In another case, we represented a young boy whose ear was partially bitten off by a pit bull. The owner of the pit bull wrote several entries on her Facebook page, including one where she recounted what happened and made some damaging admissions, including that she had notice that her dog was agitated and that she should have pulled him away from the boy before the attack. In our settlement demand, we included copies of her statements and how they were inconsistent with the self-serving statements she gave to the animal control board. Conversely, we advised our clients, the child’s parents, to run all of their posts by us before making them public. They were therefore able to keep their friends and family aware of his progress without damaging their case.

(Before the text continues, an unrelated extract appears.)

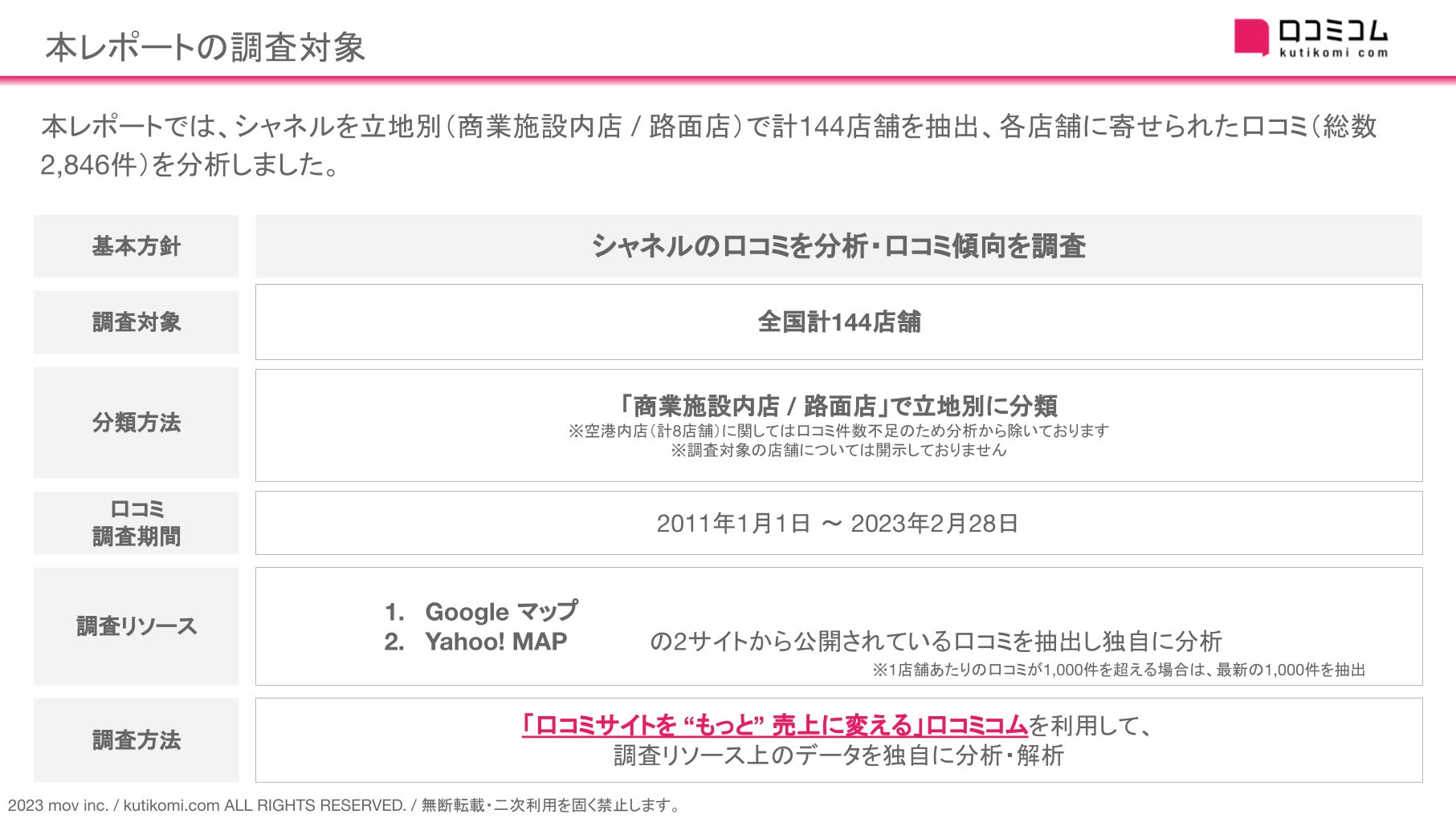 本レポートでは、国内のシャネル計144店舗を抽出、各店舗に寄せられた口コミ(総数2,846件)を分析しました。

Overall, the thing to remember is that e-discovery and social media are different. E-discovery allows you to get access to internal computers of the adverse parties so that you can see emails they still have (and other files). You can only get that after a personal injury lawsuit has been filed. However, social media does not require discovery or litigation to be discovered by the adverse party. Instead, prior to bringing a personal injury lawsuit, or even a personal injury claim, you can Google someone’s name and find all of their public postings. Therefore, we do that for any adverse parties and advise our clients to remember that a statement on the internet is there for the world to see. You could be providing damaging information to the other side for free - without them having to hire an investigator. So, refrain from making any statements or run them by your attorney before making them.